My talent told me it was jubar stone, a breach mineral that shone like a floodlight.
The biggest jubar stone I had seen until now was about the size of my fist.
Two hundred and sixty-two feet below us, at the bottom of the cavern, enormous lianas climbed the stone wall, bearing giant flowers.
Each blossom, shaped like a twisted cornucopia, sported a funnel at least ten feet across and fifteen feet deep, fringed by thick, persimmon-colored petals that glowed weakly with coral and yellow.
It was as if a garden-variety trumpet vine had been thrown into the chasm and mutated out of control into a monstrous version of itself.
Strange beings moved along the cavern floor, clad in diaphanous pale robes. Their torsos seemed almost humanoid, but there was something oddly insectoid about their movements. They strode between the flowers, carrying long staves and pushing carts.

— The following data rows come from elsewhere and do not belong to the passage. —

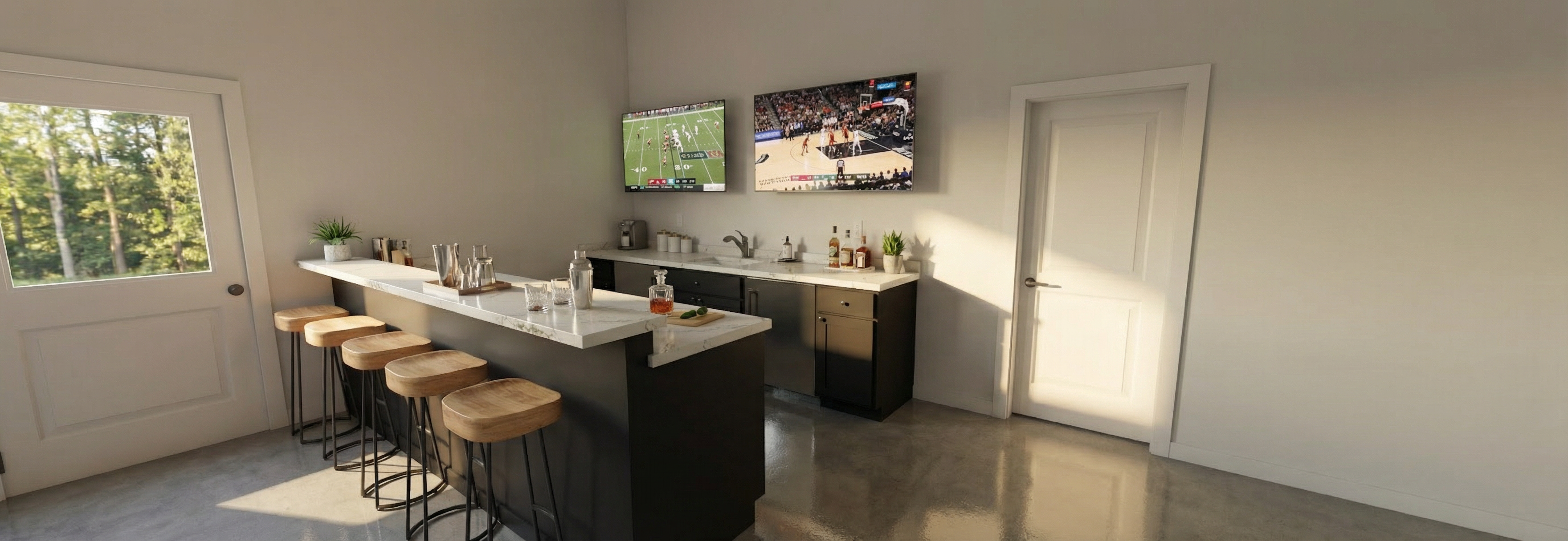 make realistic add decor make flooring epoxy concrete background with trees outside the glass put sports image on tvs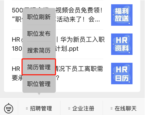 ▲發(fā)布職位流程 3、管理招聘 關注公眾號【國際人才網企業(yè)版】,在【招聘管理】菜單欄找到【簡歷管理】,即可查看主動應聘的求職者,并可發(fā)起溝通或邀約面試。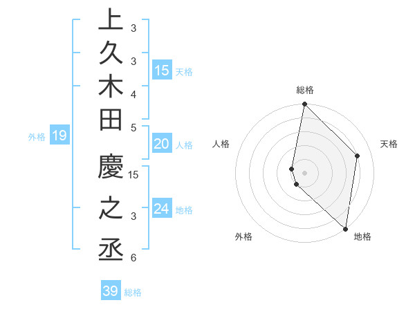 上久木田 慶之丞さんの総格は39画の5点!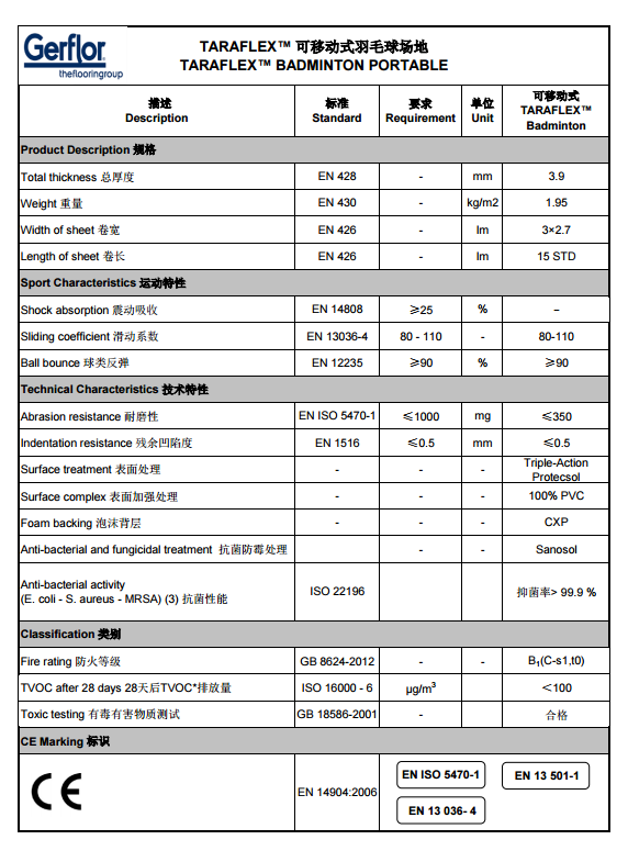 可移動(dòng)式場(chǎng)地:與法國(guó)和國(guó)際羽聯(lián)合作研制,研發(fā)**舒適性的可移動(dòng)式地面材料.Taraflex?羽毛球運(yùn)動(dòng)場(chǎng)地由3卷寬度2.7m 長(zhǎng)度 16m 的卷材組成可移動(dòng)的地板,卷材之間接縫 以維可牢連接固定。 Taraflex?羽毛球運(yùn)動(dòng)地板表面為輪壓型表層,底層是密閉式細(xì)胞泡沫背層,以雙層無(wú)紡玻璃纖維 網(wǎng)格作為加強(qiáng)材料。

As I watched, one of them stopped at the opposite wall far below and tugged on the long green tendrils dripping from a large blossom. A spider the size of a small car slid from the flower. It was white and translucent, as if made of frosted glass.
The being checked it over, prodding it with a staff topped with a large chunk of green glass or maybe a huge jewel. My talent couldn’t identify it from this distance. The spider waited like a docile pet.

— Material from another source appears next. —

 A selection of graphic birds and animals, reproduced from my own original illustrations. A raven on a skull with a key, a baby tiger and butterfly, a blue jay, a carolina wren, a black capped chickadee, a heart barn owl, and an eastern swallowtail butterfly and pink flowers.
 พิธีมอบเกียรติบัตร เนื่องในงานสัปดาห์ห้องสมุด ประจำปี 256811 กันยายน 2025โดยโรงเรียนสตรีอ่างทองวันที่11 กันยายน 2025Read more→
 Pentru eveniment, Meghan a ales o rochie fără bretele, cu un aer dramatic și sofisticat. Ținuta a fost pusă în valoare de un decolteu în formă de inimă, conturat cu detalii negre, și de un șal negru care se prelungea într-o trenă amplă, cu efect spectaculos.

The being dipped a slender appendage into their cart, pulled out a glowing fuzzy sphere that looked like a giant dandelion, and tossed it to the spider. The monster arachnid caught it and slipped back into its flower.
The spider herder moved on to the next blossom.
It was surreal. I’d been watching them for about two hours and my mind still refused to come to terms with it.
There were hundreds of flowers down there, and most of them held spiders.
The herders had been clearly doing this for a long time – their movements were measured and routine, and they had made paths in the faintly glowing lichens sheathing the bottom of the cavern.
I was watching an alien civilization tend to its livestock.
“Do you know what this is, Bear? This is animal husbandry.”
Bear didn’t seem impressed.
If I had to herd spiders, this would certainly be a good place.
From this angle, the cavern looked almost like a canyon, relatively narrow with steep, mostly sheer walls.
They had a water source – the narrow ribbon of a shallow stream twisted along the cavern’s floor.
I couldn’t see any other entrances, although there had to be some, probably far to the left, behind the cavern’s bend.
If stalkers or other predators somehow invaded, they would be easy to bottleneck.
It was an ideal, sheltered location except for one thing.
Another spider herder emerged from behind the bend on the left. My ledge ended only a few feet away on that side so I couldn’t quite see where they came from. This one was pushing a larger cart.
“Here we go,” I murmured to Bear.
She flicked her ear.
The spider herder paused. Above them, about forty feet off the ground, a large blossom glowed with gold instead of red.
The herder raised their staff and leaped at the wall, clearing ten feet in a single jump.
They climbed up the vine, shockingly fast, reached the flower, and thrust the staff into the blossom.
I glanced to the right. Across the cavern, a fissure split the wall near the ceiling, a crack in the solid stone about eight feet tall and five feet across at its widest.
Nothing moved. The fissure remained dark.
The spider herder swirled the staff as if scraping the pancake batter out of a bowl.
The fissure stayed still.
The spider herder pulled their staff out. Three dense clumps of spider silk hung suspended from the top, glowing softly with cream-colored light. They were about the size of a beach ball.
A segmented body squeezed out of the fissure and dove, three pairs of translucent wings snapping open in flight. A wasp-like insect the size of a kayak zipped through the air, glinting with blue and yellow like a blue sapphire wrapped in gold filigree.
Bear jumped up and growled.
The spider herder saw the wasp and scrambled down, but not quickly enough.
The giant insect divebombed across the cavern, hooked one of the spider eggs with its segmented legs, tearing it from the bundle, and shot up, buzzing along the wall into a U-turn.
A moment and it squeezed back into the fissure, taking its prize with it.